Cuban-born American singer Camila Cabello has received multiple nominations and won more than 136 awards including as a member of American girl group Fifth Harmony. This includes wins for six American Music Awards, two Billboard Music Awards, two Latin Grammy Awards, seven MTV Video Music Awards and nominations for two Brit Awards and four Grammy Awards.

Her debut album Camila was released in 2018 and debuted at No.1 on the US Billboard 200 Chart. The album spawned a No.1 single "Havana" and a top 10 single "Never Be the Same" on Billboard Hot 100. In August, she was presented Artist of the Year at the 2018 MTV Video Music Awards, and won a MTV Video Music Award for Video of the Year for "Havana", the video directed by Dave Meyers. In October, she won New Artist of the Year at the 46th Annual American Music Awards, plus Collaboration of the Year, Video of the Year and Favorite Pop/Rock Song. In November, she was presented International Breakthrough of the Year at the NRJ Music Awards.
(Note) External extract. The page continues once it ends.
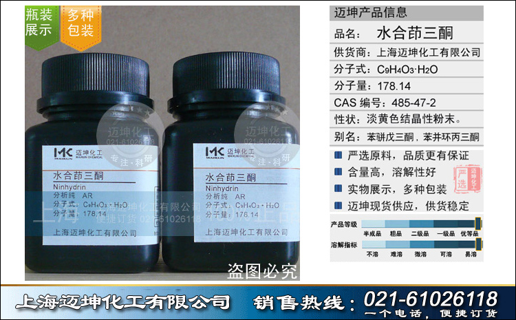 別 名:水合三酮氫茚,三酮氫茚,水合,茚三酮,水合,水合印三酮,苯并戊三酮,苯并環(huán)丙三酮,寧海群,2,2-二羥基茚-1,3-二酮。

The same year, she has also won a Billboard Music Award, four American Music Awards, five MTV Europe Music Awards, two MTV Video Music Awards, an NRJ Music Award two iHeartRadio Music Awards, and three iHeartRadio Much Music Video Awards.  

In December 2018, Cabello was nominated for two awards at the 61st Annual Grammy Awards, including Best Pop Vocal Album for Camila, and Best Pop Solo Performance for the live version of "Havana", becoming her first two nominations. Cabello was also nominated for International Female Solo Artist at the 2019 Brit Awards. 

Cabello alongside Shawn Mendes took home two VMAs at the 2019 MTV Video Music Awards for their single Señorita - including Best Collaboration and Best Cinematography.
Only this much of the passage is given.